Public Writers and Clandestine Papers: Labor, Literature, and Insurgency in Colonial Cuba.
- Ann Arbor : ProQuest Dissertations & Theses, 2018 - 325 p.
Source: Dissertations Abstracts International, Volume: 80-05, Section: A.
Thesis (Ph.D.)--New York University, 2018.
This item must not be sold to any third party vendors.
La Aurora (1865-1868) has been called Cuba's first "workers' periodical with a social program" and first "proletarian newspaper." A number of twentieth-century studies have examined the paper, but all skirt its most central characteristic: that it was a literary publication. On the basis of original archival research, my dissertation undertakes to read the contributors to the paper as literary authors. I argue that their amateur poems, stories, and literary essays document what could not be expressed literally. For this reason, they constitute important historical sources in the study of a late nineteenth-century Havana that was decolonizing, industrializing, and abolishing slavery all more or less at once. Why would the Cuban labor press emerge, of all things, under the banner of literature? The first chapter argues that literature created a space for free workers to begin articulating "public" identities. They imaged their "public" selves as social agents of a different order than the mere workers they had been before. In this way, they laid the groundwork for later radicalization. The second chapter listens to the workers' silences on slavery. Through an examination of texts in La Aurora, as well as the work of more canonical writers (Villaverde, Placido), I argue that white free workers were incapable of representing slavery, even as it made their lives more precarious. The third chapter tracks the themes of conspiracy, association, and insurrection through the writings of the mechanic and intellectual Jose de Jesus Marquez. Throughout his life, Marquez produced radically different kinds of writings about conspiracies, including an historical novel about a terroristic gang and a theoretical blueprint for a worker-run shadow society embedded within the capitalist city.

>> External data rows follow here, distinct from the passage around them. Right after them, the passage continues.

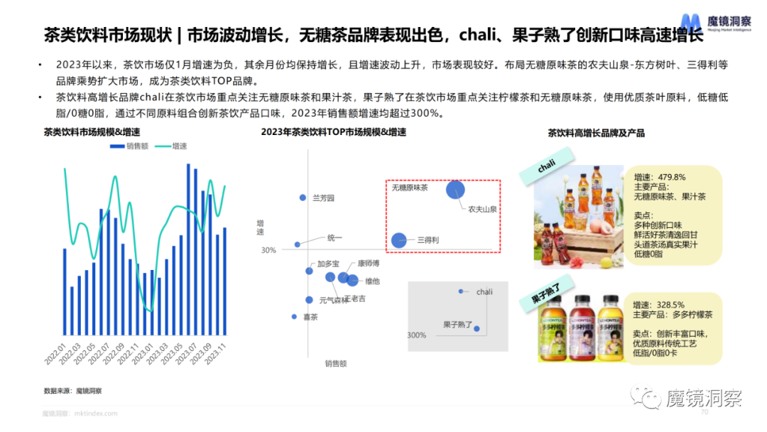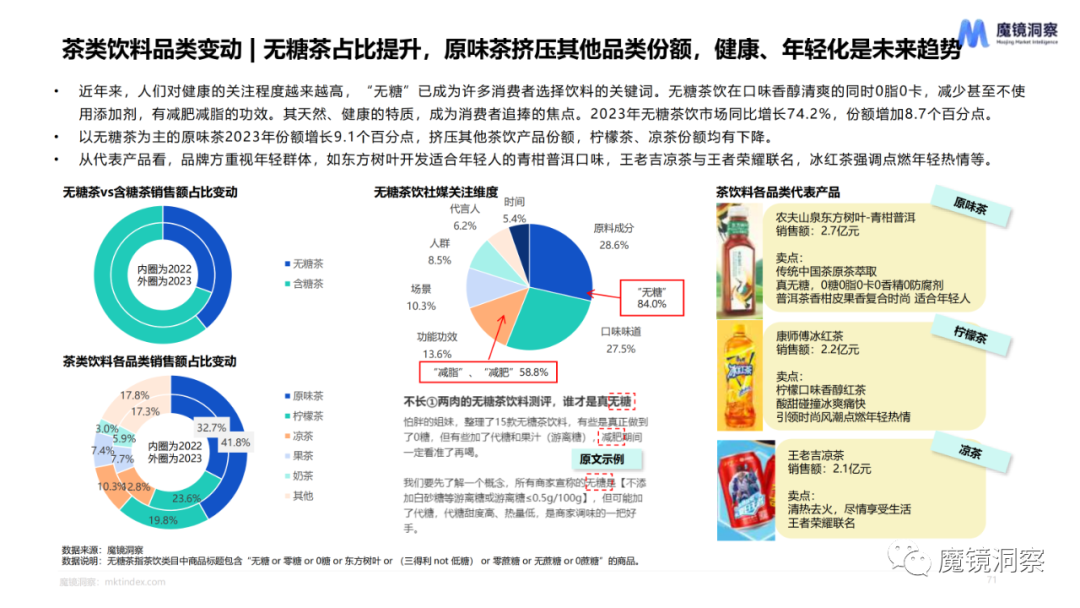 健康化趋势主要体现在各大品牌在成分减法上的努力,无糖茶饮、无糖碳酸饮料推动无糖饮料的稳定增长;NFC、鲜榨果蔬汁以鲜榨无添加为卖点,助力健康化饮料快速增长;2023年饮料消费者对健康化产品需求助力饮料赛道稳定增长。2023年,零添加、减盐、有机等成为生抽蚝油企业上新的热词,并逐渐蔓延至调味品全品类,推动调味品行业稳定发展;冷链运输逐渐成熟,低温乳制品热销,与中老年奶粉共同助力乳制品市场稳定增长。
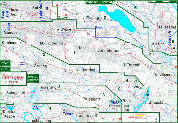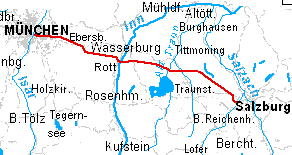 Mit dem Fahrrad direkt von München nach Salzburg: Aus München nach Zorneding, Kirchseeon und Grafing gibt es eine gute Alternative zur B 304: Diiem empfohlene Route führt durch die Hansjacobstr. nach Kirchtrudering, von dort auf verschiedenen Wegen zwischen der Rosenheimer Bahn und der Messe München nach Salmdorf und Ottenbichl. Dann durch den Norden von Vaterstetten und durch Pöring nach Eglharting. Von Eglharting nach Kirchseeon hat di eRoutte zwei Vaaaarianten: entweder ein kurzes Stück Bundesstraße oder weiter sülich über Ilching. Von Kirchseeon nach Grafing kann man entweder auf ruhigen Straßen über Fürmoosen radeln, oder auf dem recht guten Schotterweg neben der Bahn, den man dann aber auch südwärts verlassen muss, da er vor dem Bahnhof Grafing unterbrochen ist. Von Grafing nach Osten auf mittleren bis kleinen landstraßen in Richtung Ramerberg. Von Ramerberg nach Rott-am-Inn-Katzbach zur außerhalb des eigentlichen Marktortes Rott gelegenen Brücke über den Inn. Von Griesstätt am Ostufer des Inn über Amerang zum Kloster Seeon. Trutlaching mit der Brü,cke ü, die Alz gehört mit zur Gemeinde Seeon. Von der Alz an die Traun ist die Straße ruhg aber hügelig. Von Sankt Georgen an der Traun ins eigentliche Traunreut wenige km stark befahrener Straße Von Traunreut nahc Waging am See auf erst mitleer, dann ruhigen Straßen. Von Waging am See auf nicht ganz ruhiger, dafür aber direkter Straße an den Westrand von Freilassing. Von Freilassing nach Salzburg nicht auf der stark belasteten Hauptstraße, sondern am Westrand des Ortes sü,dwärts nach Ainrig.(Wegweisung Salzradweg) Von Ainring gibt es für's Fahrrad einen gut befahrbaren Schleichweg nach Salzburg. |
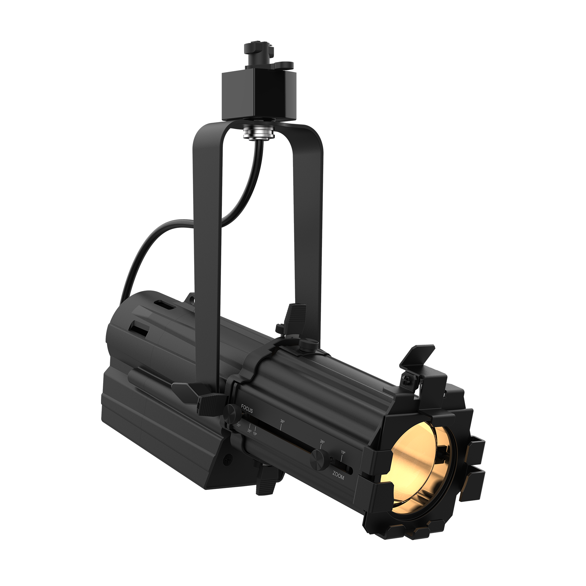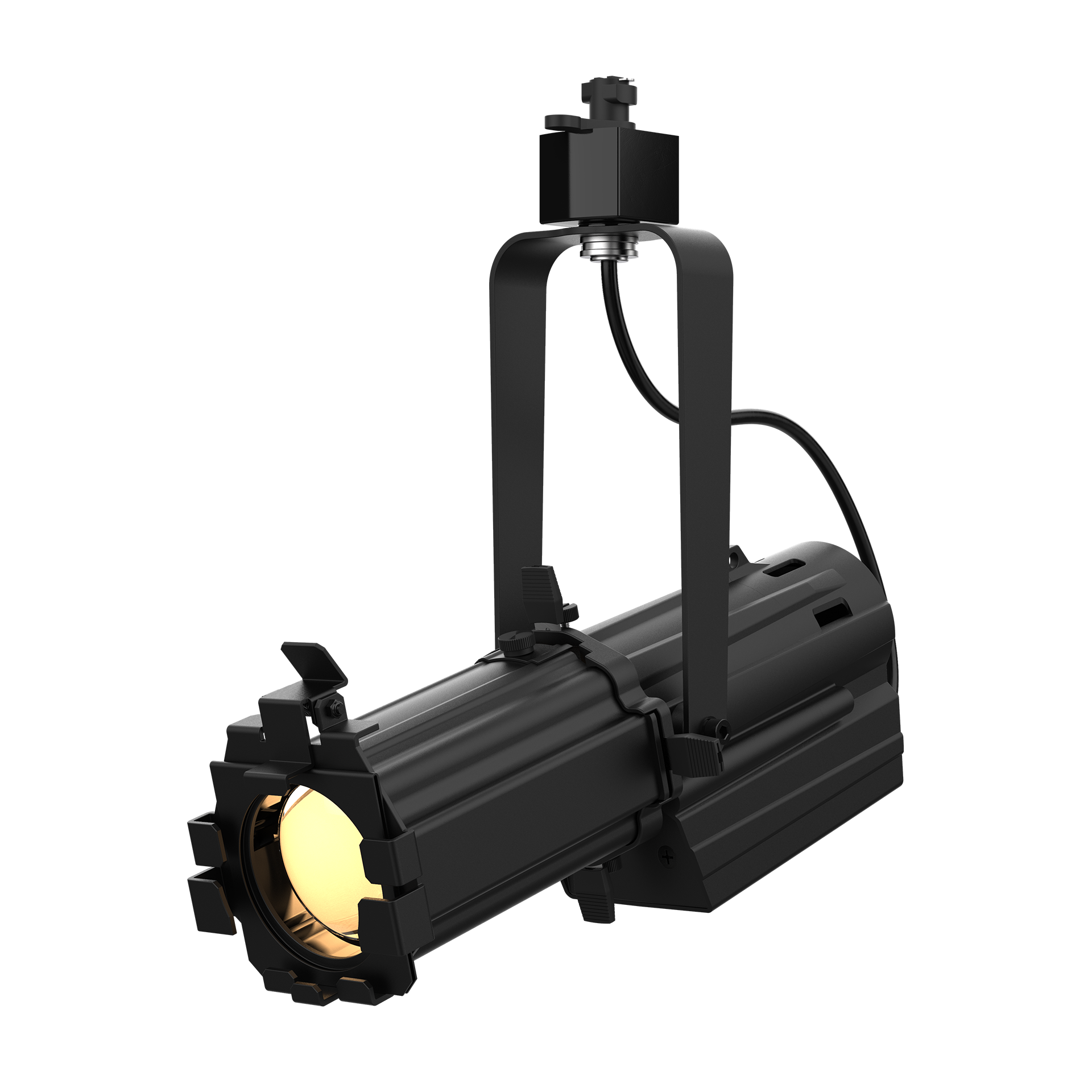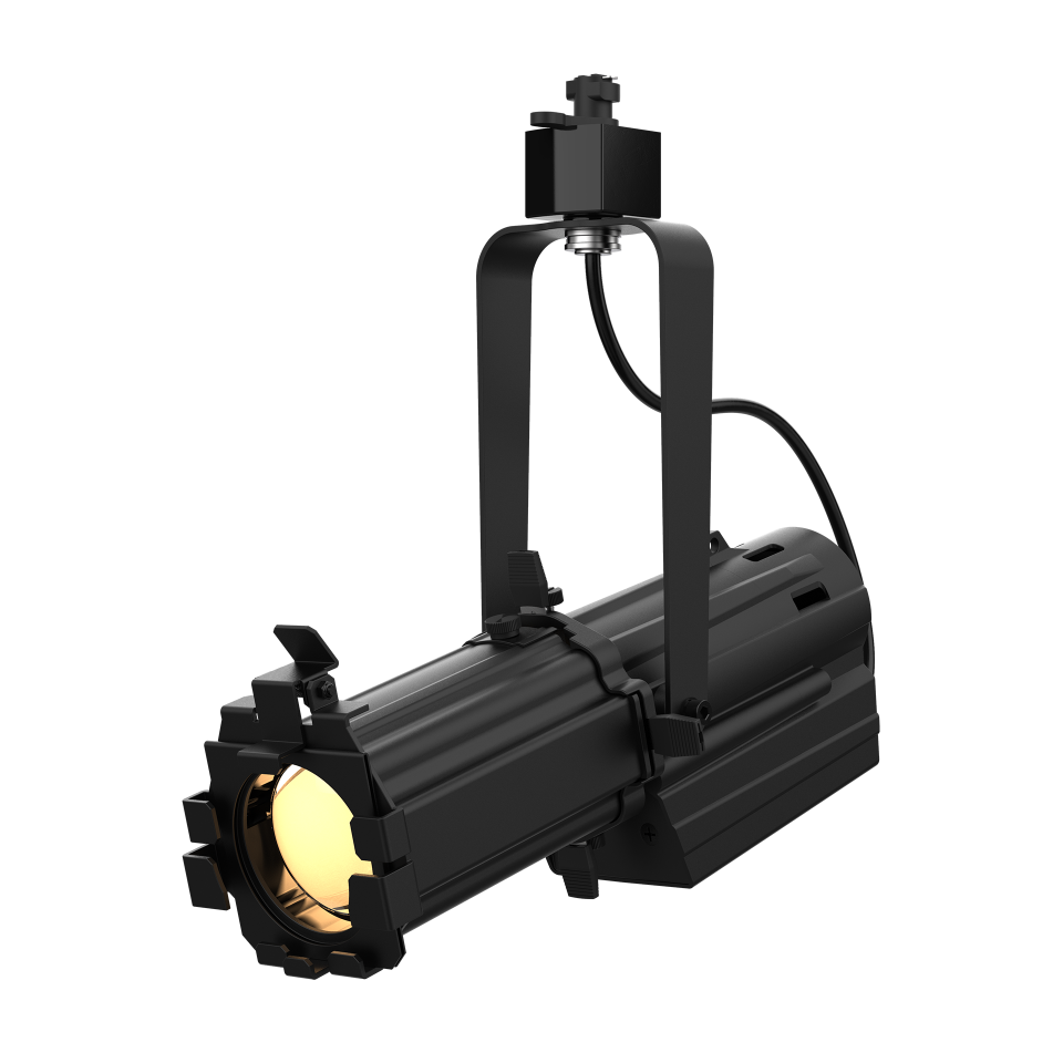 A compact, track-mountable 40W warm white LED ellipsoidal with high CRI, zooming optics, and framing shutters for creating a precise, hard-edged beam for gobo projection.
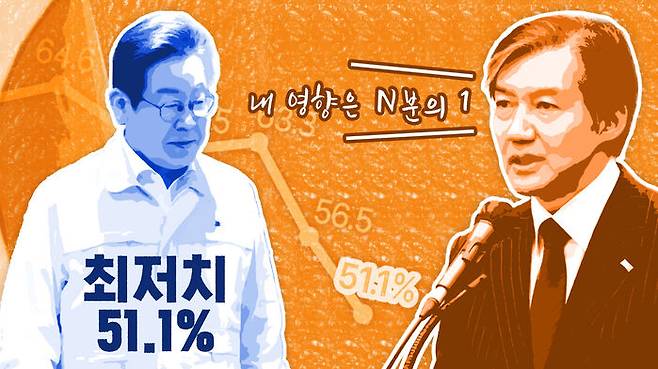 이재명 대통령의 국정 수행에 대한 지지도가 51.1%로 내려앉았다는 여론조사 결과가 오늘 공개됐습니다. 여론조사기관 리얼미터 조사 결과(이하 여론조사에 대한 자세한 내용은 중앙선거여론조사심의위 홈페이지를 참고할 수 있습니다)를 보면, 대통령 취임 뒤 60%대를 구가해오던 국정 수행 지지도가 지난주 50%대로 내려앉은 뒤, 더 하락해 50%대 초반의 최저치를 기록했습니다.
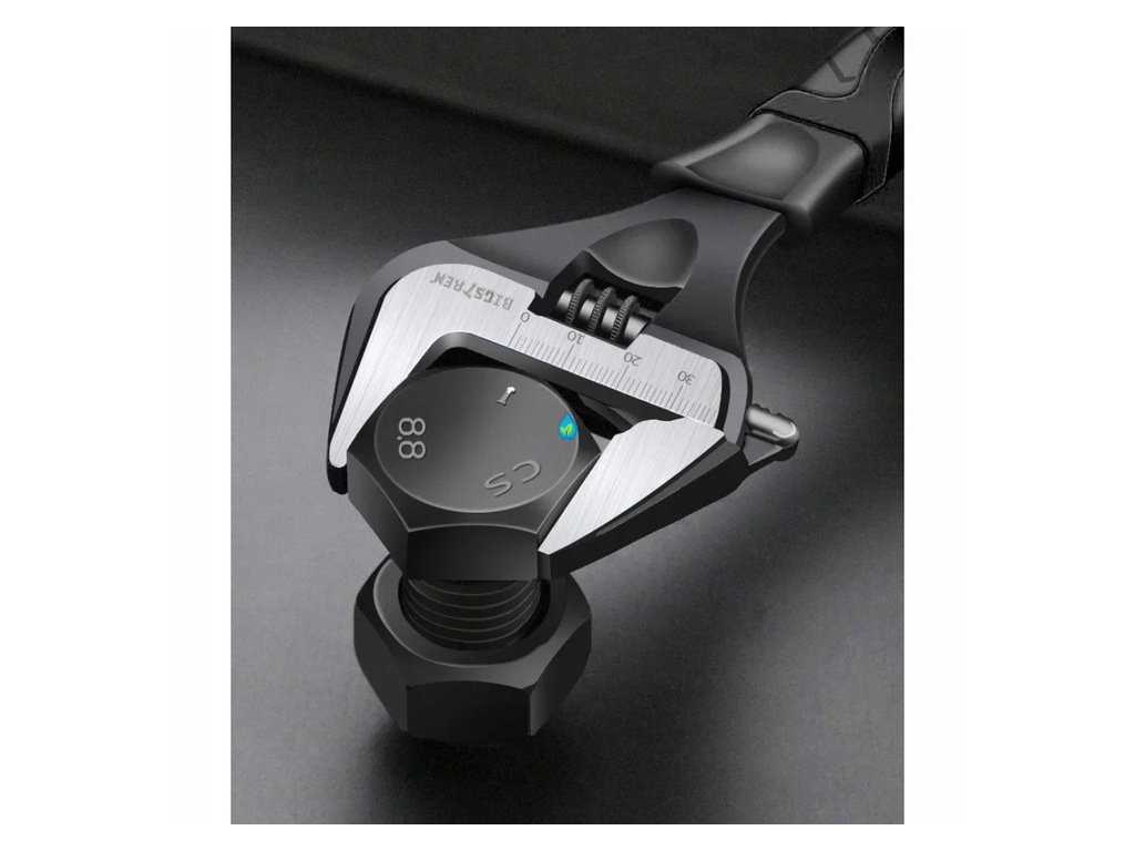 Kľúč je vybavený rozopínacími čeľusťami so šnekovým kolieskom, ktoré umožňuje presné nastavenie rozovretia čeľustí od 0 do 35 mm.To vám umožní dokonale prispôsobiť kľúč širokej škále matíc a skrutiek. Skrutkový mechanizmus zaručuje plynulé a bezproblémové nastavenie otvoru a výrazne tak uľahčuje prácu.

Most astonishingly, in the 1890s, he published essays vindicating the "logic" and "justice" of the anti-white character of historical Cuban slave revolts, making him almost certainly one of the first Cubans to do so in print. The last chapter identifies the literature in La Aurora as a site in which nationalism was brewing during the run-up to the Ten Years' War. I also show how Jose Marti's aesthetic-nationalist career began in 1879 in Guanabacoa, during his brief interlude between exiles, when he was immersed in La Aurora's milieu.
ISBN: 9780438635098Subjects--Topical Terms:
2078811
Latin American literature.
Public Writers and Clandestine Papers: Labor, Literature, and Insurgency in Colonial Cuba.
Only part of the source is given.